= Elias and Companions =

Elias and four companions, Daniel, Isaiah, Jeremiah (also known as Jeremy and Jeremias), and Samuel were Egyptian martyrs. Their feast day is February 16.

During Maximinus' persecution, a number of Christians were condemned for life to slavery in the copper mines of Roman Cilicia. Elias and his companions visited them to provide comfort.

Upon their return to Egypt in 309, they were stopped at the gates of Caesarea, Palestine, and questioned. Upon confessing the reason for their journey, they were arrested. The following day they, along with Pamphilus who had also been caught up in the persecutions, were brought before the provincial governor Firmilian.

Accused of being Christians, they were racked and interrogated. Elias and his friends identified themselves by their baptismal names and their country as "Jerusalem", a reference to the Christians' heavenly Jerusalem. The city of Jerusalem had been sacked by Titus and later rebuilt as Aelia Capitolina. Firmilian had them further tortured to discover the location of their true country, and at last, tired with tormenting them, condemned them to be beheaded.

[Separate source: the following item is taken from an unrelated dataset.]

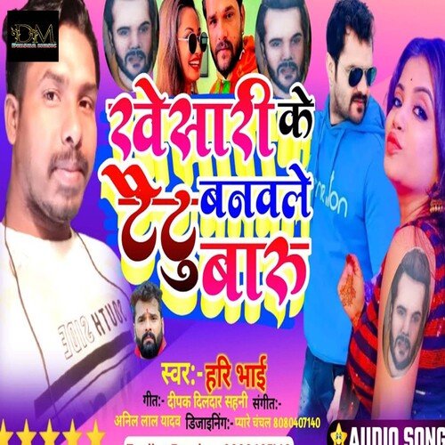 Listen to Khesari Le Tatoo Banwale Baru online. Khesari Le Tatoo Banwale Baru is a Bhojpuri language song and is sung by Hari Bhai. Khesari Le Tatoo Banwale Baru, from the album Khesari Le Tatoo Banwale Baru, was released in the year 2023. The duration of the song is 3:54. Download Bhojpuri songs online from JioSaavn.

When Porphyry, a servant of Pamphilus, demanded that the bodies be buried, he was tortured and then burned to death when it was found that he was a Christian. St. Seleucus witnessed his death and was overheard applauding Porphyry's constancy in the face of this terrible death; whereupon he was arrested by the soldiers involved in the execution, brought before the governor, and beheaded at Firmilian's order. The historian Eusebius was in Caesarea, and gave a vivid account of their martyrdom by torture and beheading.